Member of the National Assembly of Pakistan
- In office September 2010 – 2013
- Constituency: NA-184 (Bahawalpur-II)

= Khadija Aamir Yar Malik =

Pakistani politician

Khadija Aamir Yar Malik is a Pakistani politician who had been a member of the National Assembly of Pakistan from September 2010 to 2013.

==Political career==
She was elected to the National Assembly of Pakistan from Constituency NA-184 (Bahawalpur-II) as a candidate of Pakistan Peoples Party (PPP) in by-polls held in September 2010. She received 74,754 votes and defeated Najibuddin Awaisi.

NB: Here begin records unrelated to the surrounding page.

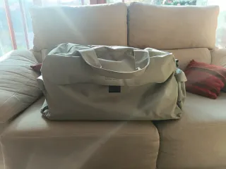 Conjunto de viaje de color gris, marca Mango compuesto por Bolsa grande viaje con largo 60cm, alto 37cm y fondo 19 cm (gran capacidad) bolsillos interior y exterior con cremallera y apertura hasta la parte inferior de la misma bolsa lo que facilita colocar las prendas de viaje, bolso de 35x34 cm con bolsillos interior y dos exteriores con clip y cremallera para facilitar el acceso a documentos u otras pertenencias y cartera de 15x11 cm. Usado todo en una ocasión, como nuevo y en perfecto estado.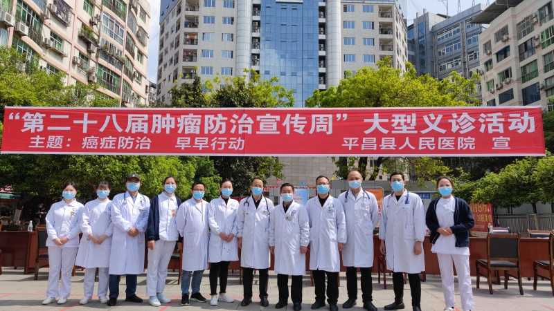 2022年4月19日至21日是第28个全国肿瘤防治宣传周,为提高全社会癌症防控意识,营造全民防癌抗癌的良好氛围,4月19日,平昌县人民医院在天使广场开展以“癌症防治,早早行动”为主题的大型义诊活动。义诊现场,由肿瘤科、呼吸与危重症医学科、消化内科(胃镜室)、血液风湿科、普外/胸外科、妇科等学科组成的专家团队以饱满的工作热情为前来就诊、咨询的群众耐心细致地诊治病情,开展肿瘤预防与筛查咨询,癌症风险评估;护理人员忙着为现场群众免费测量血压、血糖,进行健康宣教,指导群众参与问卷调查;预防保健科工作人员发放科普材料、介绍肿
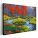 Blaze of Autumn Colors: Vibrant Landscape with Fiery Red Trees Canvas Art Print
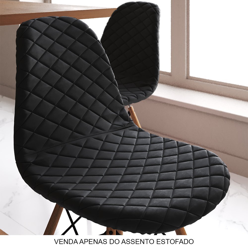 Assento Estofado Preto para Cadeira de Jantar Eames Eiffel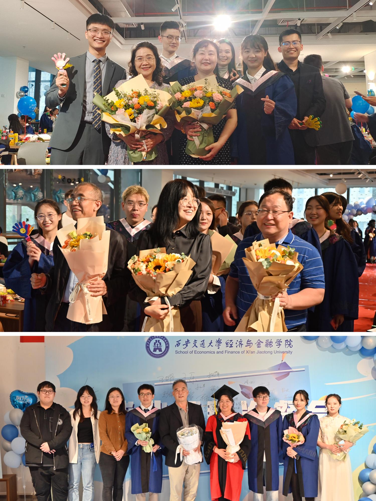 红毯秀暨冷餐会伊始,周建伦书记发表致辞,他对2023届毕业生顺利完成学业表示祝贺,对培养学生辛勤付出的老师们表示衷心的感谢!希望同学们永远紧跟时代步伐,始终保持对新领域、新事物、新思想、新技术的好奇心,努力成为引领时代发展、文明进步的奋斗者,并祝愿毕业生前程似锦,常回来看看。教师代表李江龙老师嘱咐大家毕业后将会面临全新的机遇和挑战,希望大家继续保持科研精神,勇敢地面对挑战。省级优秀毕业生代表马瑞回顾入校九年来,在学校、学院老师们的关怀培养下不断成长,最终在交大留下了一个属于交大人的“胸怀大局无私奉献弘扬传统艰苦创业”的印记,并深深表达了对学院和导师的感谢,她表示自己定会牢记嘱托,让青春在奋斗中绽放绚丽之花。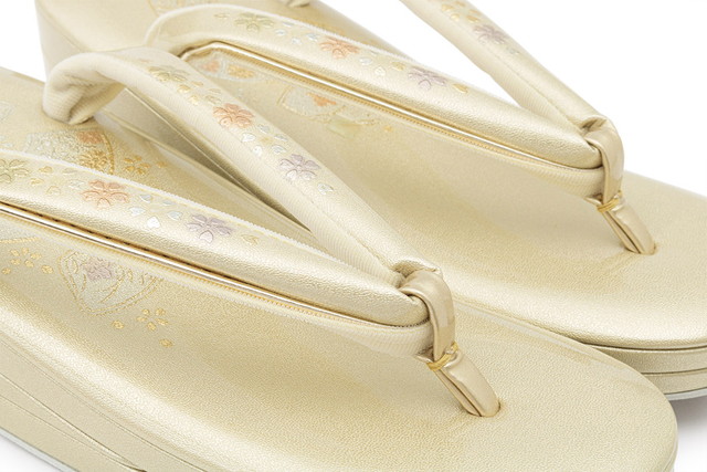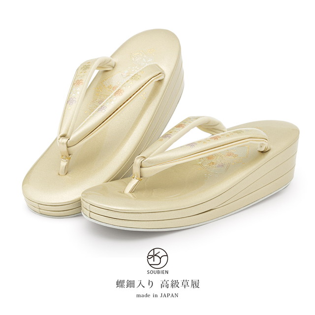 天と鼻緒には、扇子や桜の花々に虹色の貝殻の「螺鈿(らでん)」を散りばめた装飾が施され、フォーマルな場にふさわしい高級感を漂わせます。

She ran for the seat of the National Assembly from Constituency NA-184 (Bahawalpur-II) as a candidate of PPP in the 2013 Pakistani general election, but was unsuccessful. She received 64,175 votes and lost the seat to Najibuddin Awaisi.

She ran for the seat of the National Assembly from Constituency NA-173 (Bahawalpur-IV) as a candidate of Pakistan Tehreek-e-Insaf (PTI) in the 2018 Pakistani general election, but was unsuccessful. She received 60,211 votes and lost the seat to PML-N candidate Najibuddin Awaisi.